С одной стороны, марксисты, конечно же, признавали, что тогдашние получеловеки сбивались в стада от слабости, от неприспособленности, от страха перед непознанностью и непознаваемостью окружающего мира. А все-таки марксистам, думается мне, приятно было сознавать, что в основе нашего бытия лежало именно о б о б щ е с т в — л е н и е и м у щ е с т в а: разве сам этот факт не означал изначальности, органичности коммунистического сознания? Так что вроде бы человеку ничего иного и не оставалось, как, обойдя земной круг эволюции, вернуться — на высшем витке исторической спирали — к тотальному обобществлению собственности, то есть к коммунизму уже и с т и н н о м у, «научному» и одновременно все же утопически-благодатному, в некотором смысле «райскому» и в этом же смысле если не первобытному, то хотя бы первозданному.
Геометрическая завершенность подобной схемы (а значит, и некая ее логическая «красота») завораживала не только приверженцев, но и вольнодумых скептиков, а порой даже прямых противников. Так что и им начинало казаться, будто социальность не может быть вынесена за скобки чисто социалистических теории и практики. Между тем социально ориентированными государствами — на свой, естественно, лад! — были и Ассирия, и Вавилон, и Древний Египет, и Древняя Греция, и Древний Рим. Что это, собственно говоря, такое — социально ориентированное государство? Держава, проявляющая серьезную, я бы сказал, заботу о своих малоимущих подданных. Не более, но и не менее… Так что вовсе уж «асоциальных» государств в природе вообще не существовало. Правда, коммунисты от Кампанеллы и до Ленина наполнили слово «забота» исключительно н р а в с т в е н н ы м содержанием, объявив меры характера прагматического (чтоб народ не бунтовал и от голода не вымирал!) Священной Целью всего общественного строя. Но от этого немного, увы, изменилось, а если уж и изменилось, то странным образом отнюдь не в лучшую сторону…
Кампанелла, думается, верил своей мечте, Ленин — не очень, а Сталин и вовсе не верил.

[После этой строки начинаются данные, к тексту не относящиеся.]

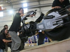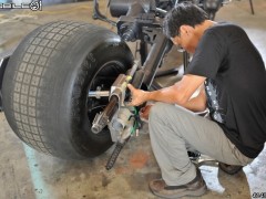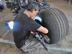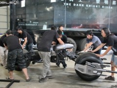 戲中蝙蝠俠讓人印象深刻的莫過于那些稀有的先進(jìn)武器,電影中武器與交通工具不但聲光效果十足,且在真實(shí)世界中都算是非常先進(jìn)的高科技產(chǎn)品。像是蝙蝠俠的服裝、武器、蝙蝠車、蝙蝠摩托車、蝙蝠飛行器,都是真有實(shí)物,戲組都是重金打造真實(shí)的裝備,在電影中大批人馬激烈交戰(zhàn),更是展示了許多未知的武器。這次,筆者有幸受到美商華納兄弟臺(tái)灣分公司之邀,能零距離接觸電影中的蝙蝠摩托車,據(jù)傳聞這是臺(tái)以真實(shí)摩托車引擎打造而成的蝙蝠摩托車,就跟著小惡魔的腳步一起零距離欣賞這臺(tái)帥氣又威風(fēng)的蝙蝠戰(zhàn)車吧!
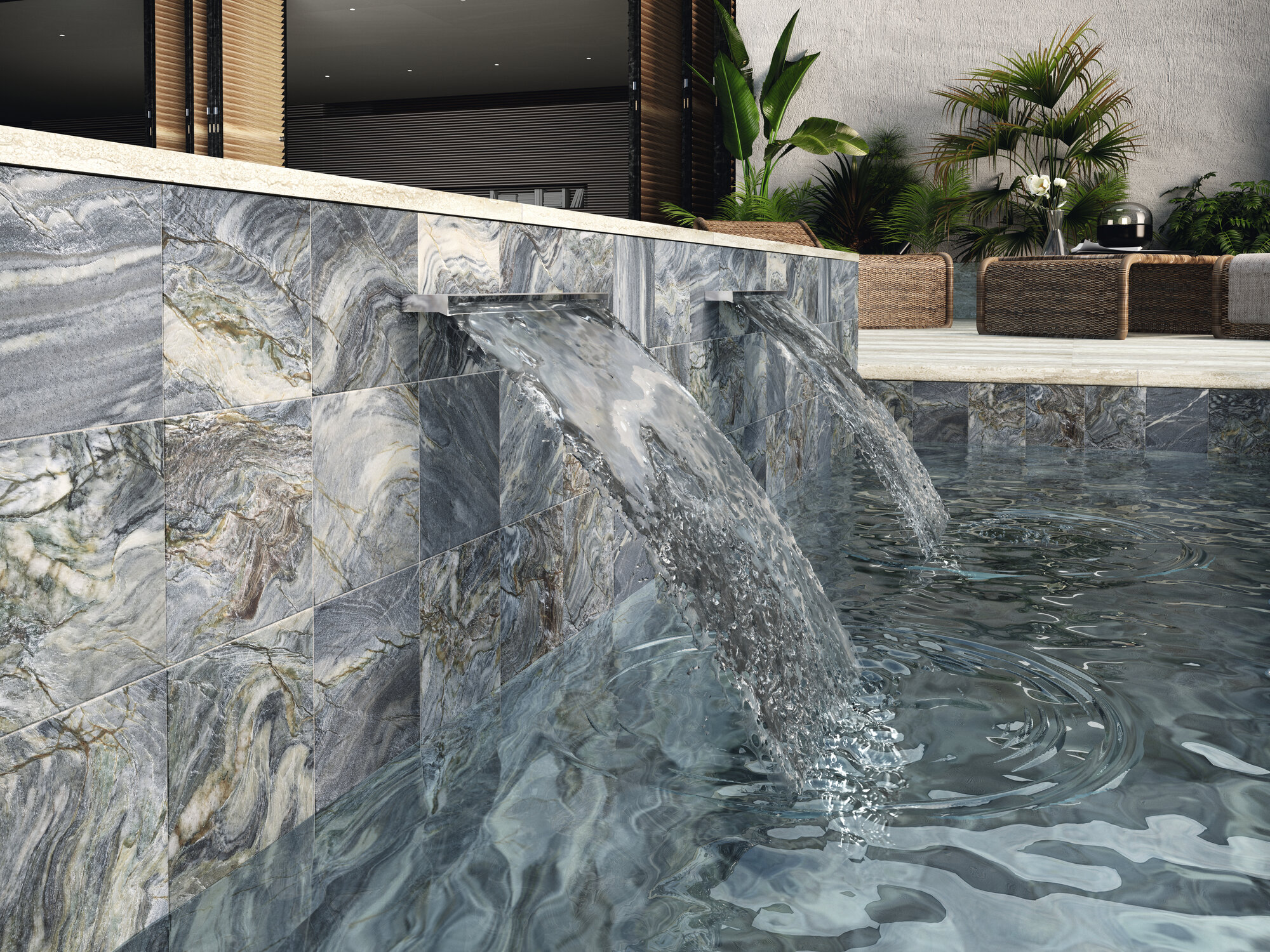 The sea water unfolds before our eyes an extraordinary variety of blues, ranging from the navy blue to the turquoise of the paradisiacal white sand beaches. The iconic images of the depths of the sea, coral reefs and posidonia meadows have inspired Ocean Blue, a collection by APE Grupo designed for outdoor use and swimming pools. This collection is created for the most daring architectures, capable of creating sophisticated atmospheres. It is, in short, a superb material capable of enhancing the beauty of any outdoor space.

И практически заботился о советских людях ничуть не более истово, нежели египетские фараоны или римские кесари заботились о своих народах. Ведь и они достаточно внимательно прислушивались к требовавшему «хлеба и зрелищ» плебсу. Только сталинская пропагандистская машина работала совершеннее. Но не потому, будто фараоны и кесари были глупее: просто время было другое, и многое из того, что нынче мыслимо оспорить, казалось тогда само собою разумеющимся: скажем, что царь рожден быть царем, а раб — рабом. Но при этом и о рабах заботились, во всяком случае на голодную смерть не обрекали. Хотя бы потому, что было бы это невыгодно…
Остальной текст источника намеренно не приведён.